WHAT TO WORK ON —
Leave the pictures out and print, word for word, the lines below from the one with "整場聯(lián)誼活動氣氛" through the final line.
□ □ □ □ □
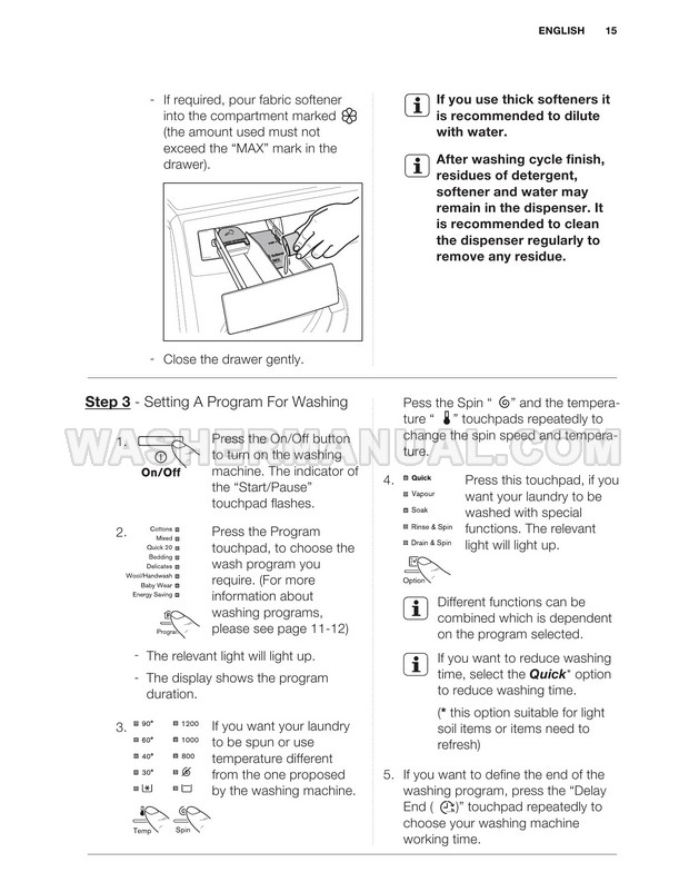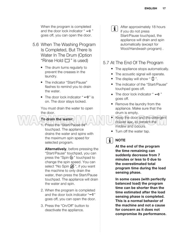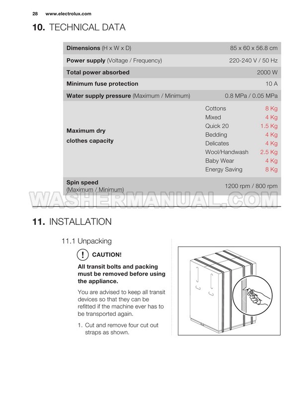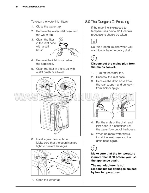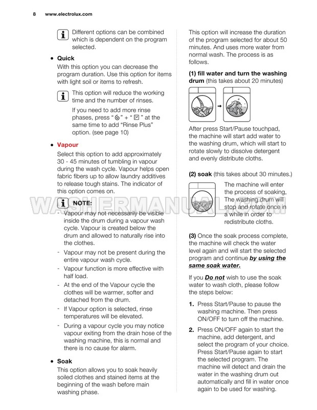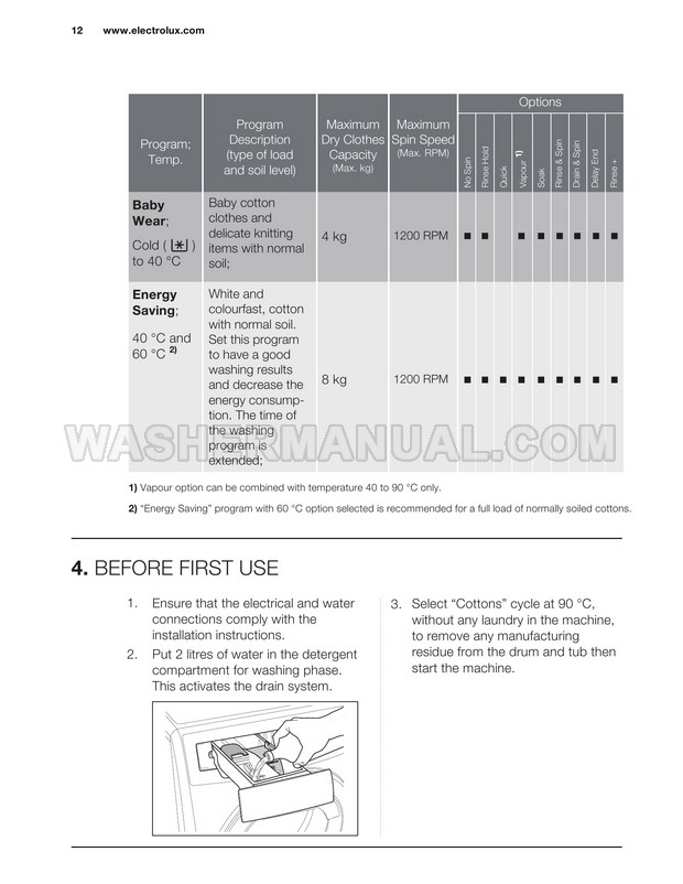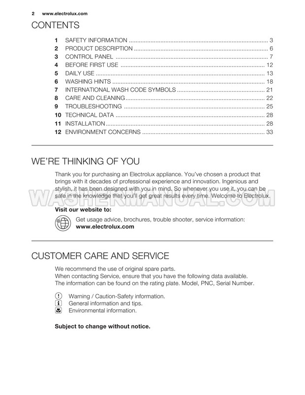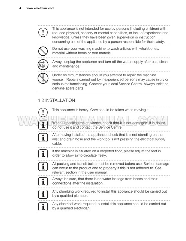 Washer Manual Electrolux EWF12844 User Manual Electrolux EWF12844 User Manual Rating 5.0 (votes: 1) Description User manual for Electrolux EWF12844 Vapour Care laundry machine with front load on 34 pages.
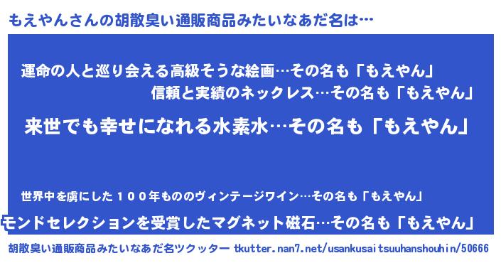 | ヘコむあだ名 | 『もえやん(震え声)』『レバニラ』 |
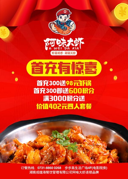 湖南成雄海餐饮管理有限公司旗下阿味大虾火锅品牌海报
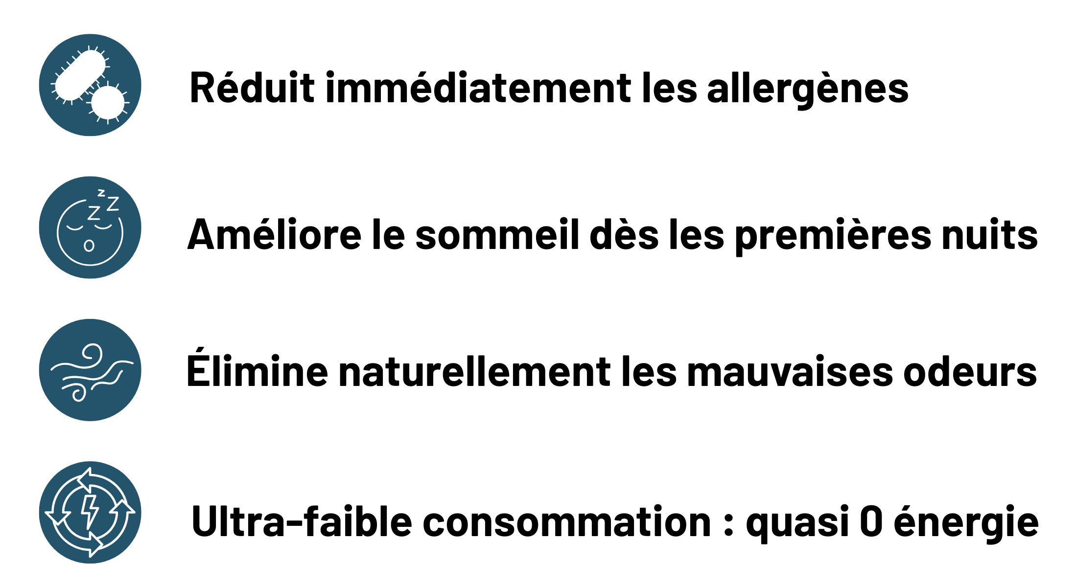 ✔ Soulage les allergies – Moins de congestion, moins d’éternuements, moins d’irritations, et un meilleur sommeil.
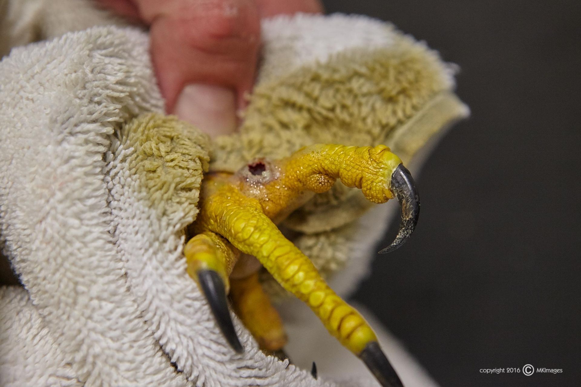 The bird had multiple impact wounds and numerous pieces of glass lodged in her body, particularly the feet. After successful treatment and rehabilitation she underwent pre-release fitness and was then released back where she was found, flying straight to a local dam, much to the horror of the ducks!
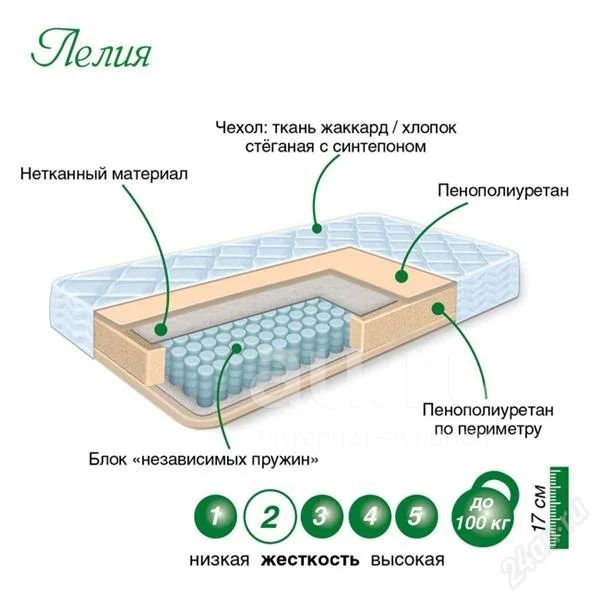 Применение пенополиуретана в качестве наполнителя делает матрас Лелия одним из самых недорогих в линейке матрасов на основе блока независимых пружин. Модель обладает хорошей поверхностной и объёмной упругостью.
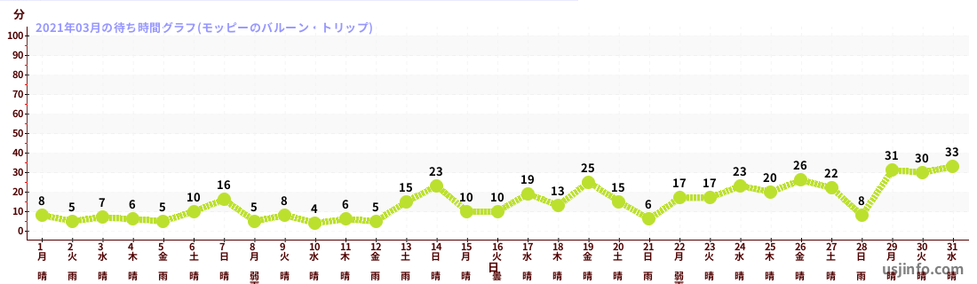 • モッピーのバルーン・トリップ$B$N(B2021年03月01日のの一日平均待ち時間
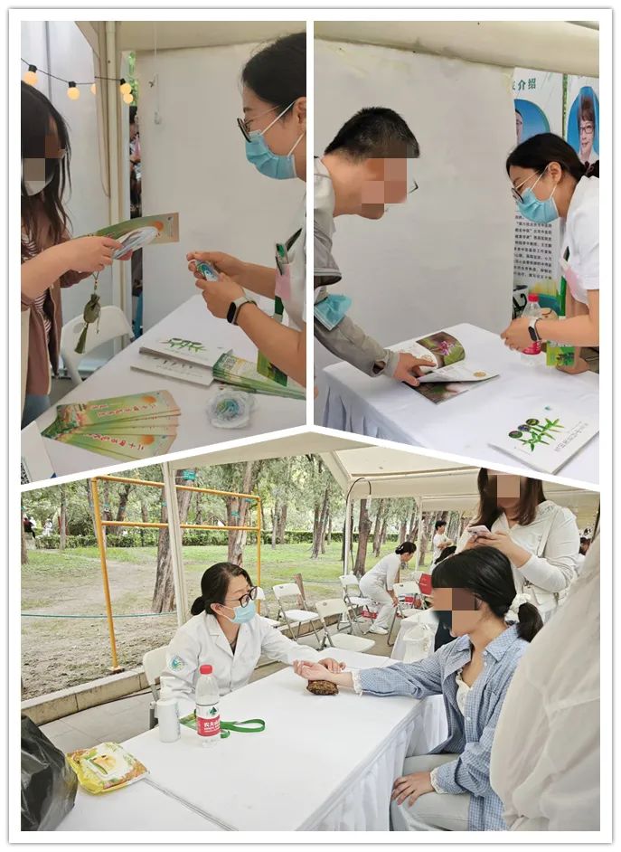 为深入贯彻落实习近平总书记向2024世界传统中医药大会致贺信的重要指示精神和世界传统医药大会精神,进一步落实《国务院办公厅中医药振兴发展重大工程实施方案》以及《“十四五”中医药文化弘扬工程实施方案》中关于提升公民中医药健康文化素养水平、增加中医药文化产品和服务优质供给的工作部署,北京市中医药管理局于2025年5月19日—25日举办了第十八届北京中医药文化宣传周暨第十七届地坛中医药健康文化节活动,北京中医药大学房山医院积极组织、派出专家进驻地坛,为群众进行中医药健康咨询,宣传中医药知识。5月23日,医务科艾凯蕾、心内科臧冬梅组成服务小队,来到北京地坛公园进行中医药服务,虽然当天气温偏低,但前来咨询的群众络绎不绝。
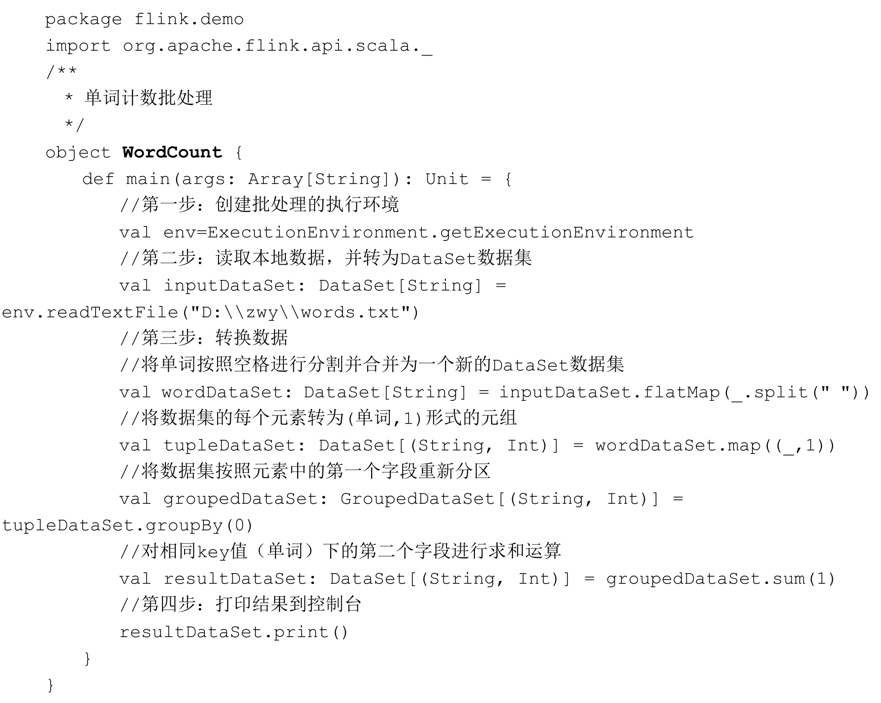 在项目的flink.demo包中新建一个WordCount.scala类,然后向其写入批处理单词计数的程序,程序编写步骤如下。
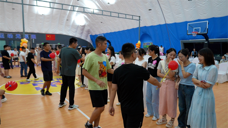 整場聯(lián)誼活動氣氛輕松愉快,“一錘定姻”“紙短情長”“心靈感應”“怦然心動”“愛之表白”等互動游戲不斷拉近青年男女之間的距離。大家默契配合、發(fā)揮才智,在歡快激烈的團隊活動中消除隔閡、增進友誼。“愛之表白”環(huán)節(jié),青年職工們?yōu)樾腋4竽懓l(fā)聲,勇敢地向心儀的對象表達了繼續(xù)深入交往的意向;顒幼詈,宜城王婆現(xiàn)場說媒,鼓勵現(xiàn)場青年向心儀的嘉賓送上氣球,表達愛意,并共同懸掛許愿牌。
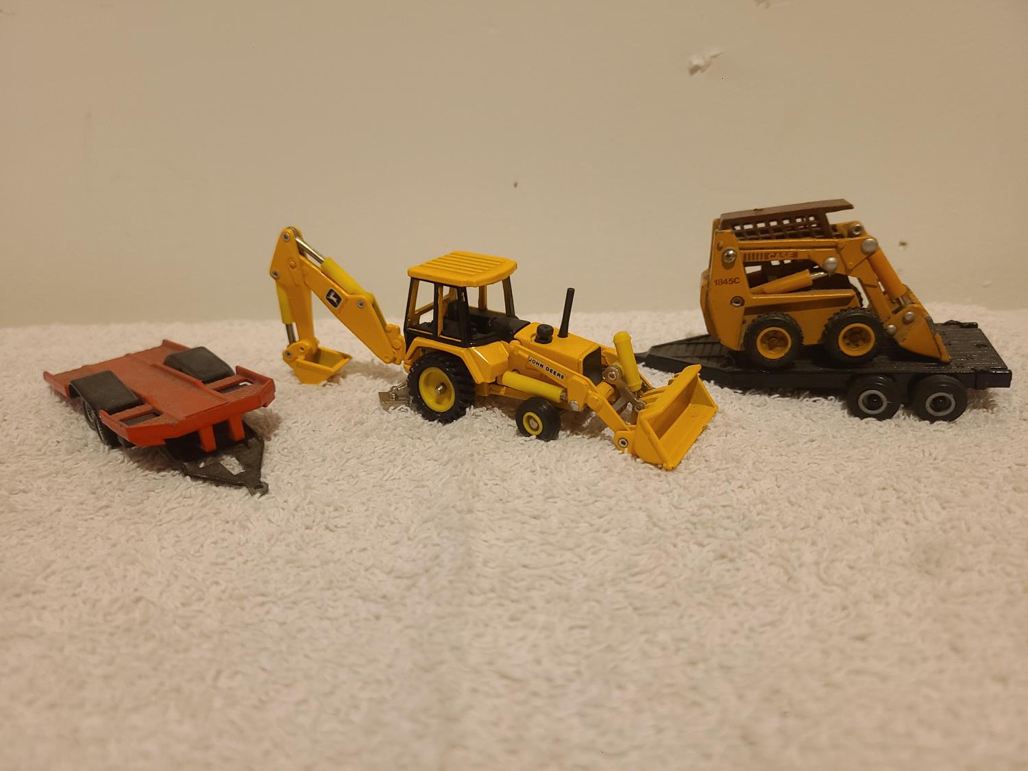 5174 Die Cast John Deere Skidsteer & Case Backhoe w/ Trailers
□ □ □ □ □
ANSWER SPACE —
 整場聯(lián)誼活動氣氛輕松愉快,“一錘定姻”“紙短情長”“心靈感應”“怦然心動”“愛之表白”等互動游戲不斷拉近青年男女之間的距離。大家默契配合、發(fā)揮才智,在歡快激烈的團隊活動中消除隔閡、增進友誼。“愛之表白”環(huán)節(jié),青年職工們?yōu)樾腋4竽懓l(fā)聲,勇敢地向心儀的對象表達了繼續(xù)深入交往的意向;顒幼詈,宜城王婆現(xiàn)場說媒,鼓勵現(xiàn)場青年向心儀的嘉賓送上氣球,表達愛意,并共同懸掛許愿牌。
 5174 Die Cast John Deere Skidsteer & Case Backhoe w/ Trailers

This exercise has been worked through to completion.